Application of Conclusions - Diagnostic

The sensitivity and specificity pair is used to express the strength of a diagnostic study.

Corresponding confidence intervals around sensitivity and specificity give us an idea of how ‘close to the truth’ these estimates lie. However, given the result of a diagnostic test (positive or negative) neither the sensitivity nor specificity data can tell us how likely it is that the patient in question has or does not have the disease in question.

To make the transition from strength of a diagnostic test to likelihood of patient having disease we must introduce a new parameter: probability.

All clinicians work in terms of probability, some consciously, some unconsciously. Probability may be expressed numerically in the range 0-1. 0 means there is absolute certainty that the patient does not have the disease in question, whereas a probability of 1 indicates absolute certainty the patient does not. Absolute certainty is not always reached in clinical medicine. So clinicians work in terms of probability thresholds. An action threshold is a level of probability above which the clinician is happy to treat the patient for the disease in question, whereas an exclusion threshold is a level of probability below which that disease is disregarded by the clinician. In between these thresholds is a grey area.

It is our job as radiologists to use imaging to move the probability assessment above the action threshold or below the exclusion threshold.

In terms of radiology only two probability measures are important:

1/ Pre-test probability:
This is the clinician’s estimate of the patient probability of having disease given all available data. If this is above or below the clinician’s action or exclusion thresholds then no further diagnostic work is necessary. Conversely if it is between these thresholds we need to identify a diagnostic test the result of which will move the probability estimate above or below the thresholds.

2/ Post-test Probability:
Post-test probability is simply pre-test probability updated by additional information: the test result. This is the clinician’s bottom line – what does this test result mean to my patient?

So to apply the result of a diagnostic test to a patient we have to make the transition between sensitivity and specificity to disease probability.

This is achieved using ‘Bayes Theorem’. This mathematically combines patient data (pre test probability) and the strength of the test being used (sensitivity and specificity) to yield post-test probability:

While the equation looks difficult it is important to note that there are only 3 variables in the equation: sensitivity, specificity and pre-test probability. Therefore pre test probability (clinical information) is as important as strength of the diagnostic test in determining the test result.

From the analysis of strength section of this tutorial we have determined the sensitivity and specificity of the diagnostic test in question. We can now proceed to apply this test to a specific scenario – an individual patient. Rather than use this equation we can construct ‘graphs of conditional probability’ to determine post-test probability.

An example of a graph of conditional probability is presented below:
Pre-test probability is on the X-axis
Post-test probability is read from the Y-axis.
The two plots (blue and pink) represent positive and negative test results respectively.

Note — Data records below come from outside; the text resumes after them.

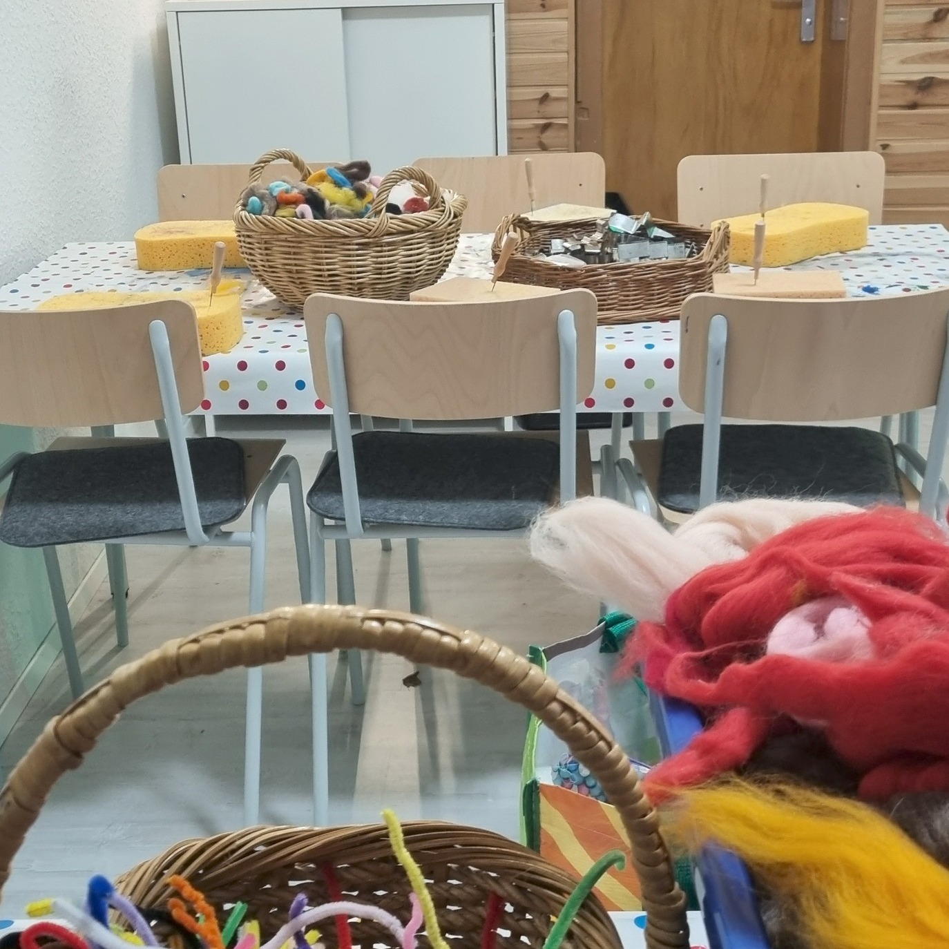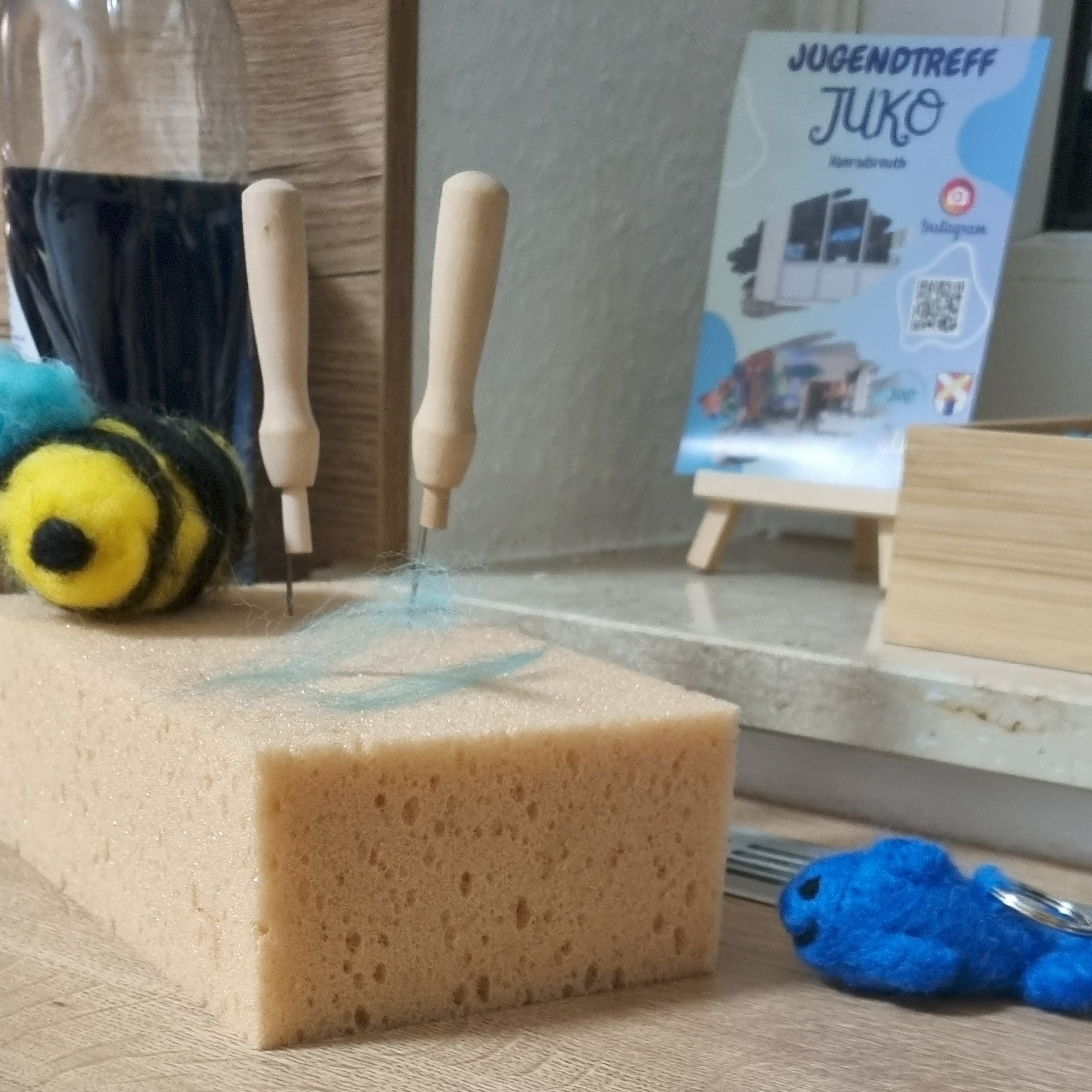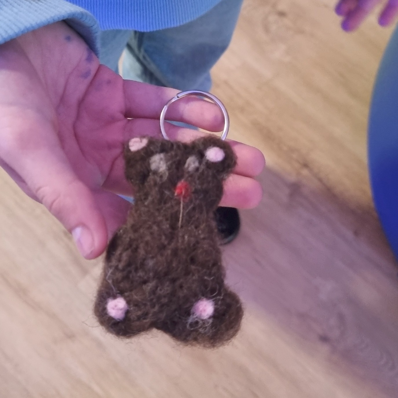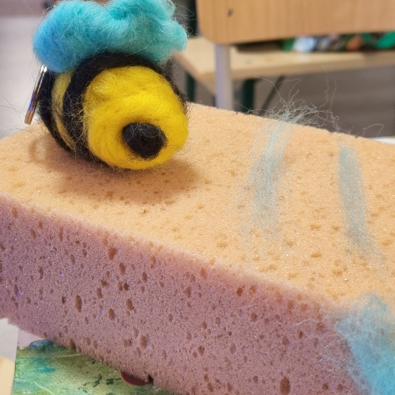 Mit Filznadeln und bunter Wolle wurde trocken gefilzt — zunächst noch etwas vorsichtig und skeptisch, dann aber mit immer mehr Neugier, Mut und Begeisterung. Schritt für Schritt entstanden kleine Figuren, Tiere und sogar Schlüsselanhänger.
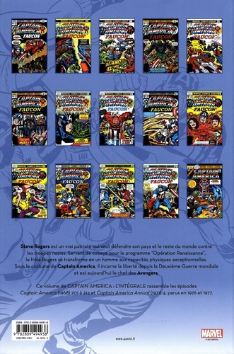 Captain America, sauveur de l'univers ? Steve Rogers et son camarade Sam Wilson, alias le Faucon, se retrouvent confrontés à des menaces d'autres dimensions dans des aventures très spéciales. Bien sûr, il faut compter aussi sur les ennemis habituels, comme Crâne Rouge et Arnim Zola ! Attention, événement ! Ce volume de CAPTAIN AMERICA : L'INTEGRALE n'a pas comme seul argument d'être totalement réalisé par Jack Kirby... Il est entièrement composé d'épisodes jamais publiés en France ! Des histoires que les fans rêvent de découvrir depuis des décennies. Quoi de mieux pour fêter les quatre-vingts ans du héros ?
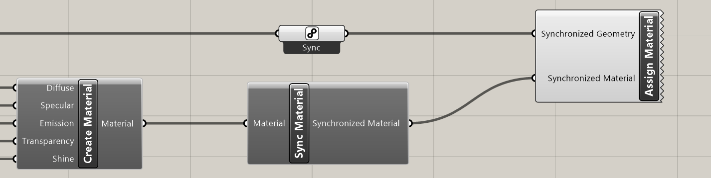 [Get Rhino Material] gets the material of geometry referenced from the Rhino document.

In this scenario the test is weak.

graph - a weak diagnostic test

Consider a situation where the clinician is very uncertain regarding the patients disease status: let’s say pretest probability is 50% or 0.5. From the above graph if the test result is negative post-test probability is 38% (0.38), whereas if the result is positive the post-test probability is 62% (or 0.62). In either situation we have not provided much of a service to the patient in our test selection. Regardless of the result we have not moved the probability of disease above a treatment or below an exclusion threshold. The weaker the test is, the more important the pre-test probability becomes during interpretation.

Consider the graph below, which represents a different diagnostic test. In this case a positive test result gives a post-test probability of 95% (0.95), whereas a negative test result gives a post-test probability of 5% (0.05). Both results have therefore changed a very uncertain clinical situation into one that is essentially definitive in determining the presence or absence of disease. This is a strong diagnostic test.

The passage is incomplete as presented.